P.S. (1) A imagem da coluna de hoje é da
capa do livro Anjo Pornográfico de autoria de Ruy Castro, Editora
Cia. Das Letras, focalizando a vida do polêmico escritor, poeta,
jornalista e dramaturgo Nelson
Rodrigues e foi emprestada de todolivro.blogspot.com;
P.S. (2) A Associação
Procure Saber, que se define como “um
grupo de autores, artistas e pessoas ligadas à música, dedicado a estudar e informar os interessados
e a população em geral sobre regras, leis e funcionamento da indústria no
Brasil”, defende a necessidade de que
as biografias sejam previamente autorizadas. Em contrapartida, outros
artistas como Alceu Valença vieram a
público defender a livre publicação de biografias.
P.S.
(3) Tendo como Presidente a produtora Paula Lavigne e o apoio
de alguns artistas de peso do cenário nacional (Caetano Veloso, Chico Buarque de Holanda, Roberto e Erasmo Carlos,
Djavan, Milton Nascimento, Gilberto
Gil), a associação poderá participar
do julgamento da Adin na condição de
amicus
curae, termo jurídico utilizado para denominar pessoas ou entidades
legalmente constituídas, interessadas no julgamento do tema em análise.
P.S. (4) A motivação também é
polêmica, na medida em que a Presidente da Ong, Procure Saber, a produtora Paula Lavigne, ter declarado, em certa feita,
que a entidade e seus precursores não visam se opor à publicação, desde que
gratuita, se feita, por exemplo, pela Internet, e sim evitar que os escritores
e editores lucrem com as publicações,
sem dividir o resultado com o biografado. As infelizes declarações de Paula tem
desagradado muitos dos integrantes da
aludida associação. Alguns se desligaram por discordar delas.
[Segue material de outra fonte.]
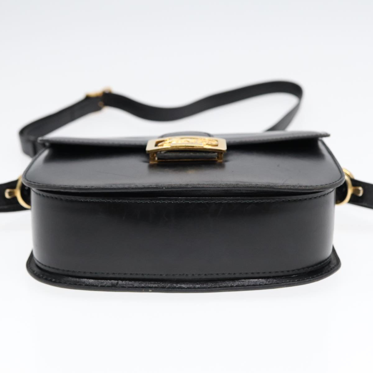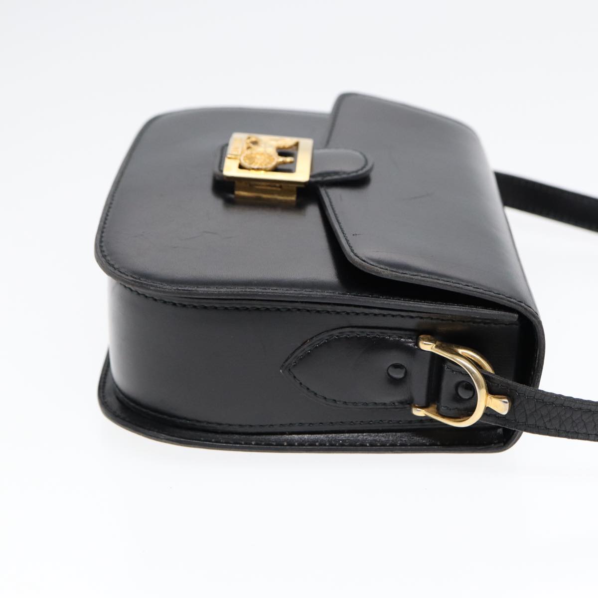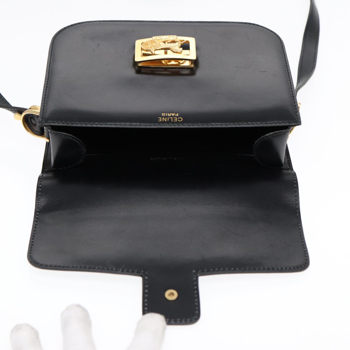 CELINE Shoulder Bag Leather Black Gold Auth 87746

P.S. (5) Ruy Castro, antigo biógrafo, responsável
por grandes biografias publicadas (Estrela Solitária sobre o jogador Garrincha;
O Anjo Pornográfico, sobre a vida de Nelson Rodrigues; Carmen, sobre Carmem Miranda),
justificando a sua posição pela liberdade de
publicação, considera que a
autorização do biografado para publicação da obra, implica numa espécie de
monopólio da história, típico de regimes totalitários.
[1] Dispõe o artigo 12 do Código Civil Brasileiro:
“Pode-se exigir que cesse a ameaça ou a lesão, a direito da personalidade, e
reclamar perdas e danos, sem prejuízo de outras sanções previstas em lei.”
[2] “... A tutela inibitória prevista no art.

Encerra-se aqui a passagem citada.